A pre-dawn balloon flight is designed to catch the sunrise over Thebes, the City of the Dead. There are bird’s-eye views of bemused donkeys, and the voyeuristic pleasure of spotting families asleep on mud roofs, or an antlike funeral procession treading across the desert.
Set on the West Bank of the Nile, facing Luxor, Thebes was the counterpart to Luxor’s City of the Living. As dawn turns the desert tawny, views across the valley reveal the Nile on one side and mountains on the other. Beside the world’s longest river lie mud-brick hovels, harsh limestone cliffs—and the tombs.
The balloon drifts from the Valley of the Kings to the Valley of the Queens, revealing Pharaonic honeycomb tombs, including Tutankhamen’s resting place and Queen Hatshepsut’s tomb, carved from the rock face. The balloon also hovers over the excavations taking place around the Avenue of Sphinxes. Watch the sun rise over the Temple of Hatshepsut at Luxor, burning off the last vestiges of the night.
If you visit in October, consider getting married in Karnak Temple; during that month couples can tie the knot in Pharaonic style—just as Egyptian kings and queens did more than 5,000 years ago.
Brussels Royal Greenhouses in Laeken
This experience is equally exotic so dismiss the "boring Brussels" stereotypes. Brussels’s surreal side emerges in the mysterious paintings of Magritte—and in the clash of the magical and the mundane seen in the Royal Greenhouses in Laeken. Set on the edge of the city, these palatial greenhouses are where the heady scents of the colonial Congo are transported to everyday Brussels. Entranced visitors drift past orchids, azaleas and camellias, breathing in the steamy fragrances of bitter oranges and damp ferns. The sinuous art nouveau lines reveal shifting perspectives and sudden glimpses of green canopies, cupolas, turrets, and vaulted tunnels of glass.

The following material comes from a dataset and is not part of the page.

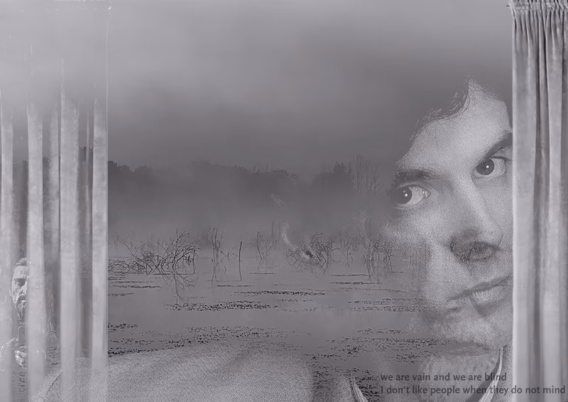 Unsere Psyche gleicht einem nebligen Sumpf, der sich hinter geschlossenen Vorhängen verbirgt. Sie ist düster und unbequem, und wenn sie hervortritt, wirkt es, als hätten sich die Vorhänge zu einer anderen Welt geöffnet. Genau das greift „Psycho Drapes“ auf – inspiriert von „Psycho Killer“. Als Erstes fallen die Moorlandschaften in der Bildmitte auf und das aus dem Dunst auftauchende Gesicht des jungen David Byrne. Bei genauerem Hinsehen erkennt man, dass in der unteren Gesichtshälfte ein weiteres Gesicht hervortritt – das des Altmeisters der Tiefenpsychologie, Sigmund Freud. Dieser Name/dieses Bild kommt einem unweigerlich in den Sinn, wenn der Begriff „Psycho“ fällt. Die Vorhänge rechts sind nicht vollständig geöffnet, manches bleibt noch verborgen. Hinter den Vorhängen links, die ebenfalls nur teilweise geöffnet, aber teils durchsichtig sind, ist auch ARSlohgo im Bild; schließlich entstand es in seinem Kopf. Er beobachtet diese Psycho-Szene auf seinem Smartphone. Allerdings vermittelt dieses Bilddetail eher den Eindruck, hinter Gittern gefangen zu sein – eingesperrt in der eigenen Psyche – mit dem Hilferuf: „Holt mich hier raus“ … Die Textphrase in der rechten unteren Ecke besteht aus zwei Zeilen aus „Psycho Killer“, wobei ich die zweite Zeile auf meine eigene Weise umformuliert habe.

The city’s tropical greenhouses began as a royal whim, a work of self-glorification spearheaded by King Leopold II (1835–1909). Leopold never deigned to visit the Belgian Congo, but, as a passionate plant man, he expected the Congo to be shipped to him at regular intervals. The challenge was to create “an everlasting springtime in a perfect palace of glass,” teasing a tropical garden to grow in northern climes.
Leopold’s architects and gardeners fulfilled his every wish, but credit must also be given to the king, whose passion for building was matched by his fascination with exotic plants and palms: from rubber plants and weeping figs to pineapples and dwarf bananas. In these winter gardens, Leopold entertained his friends, swam in his glass-canopied pool, and paraded on an African elephant. (Do contact Laeken before travelling, however, as the greenhouses can only be visited for a brief period every year).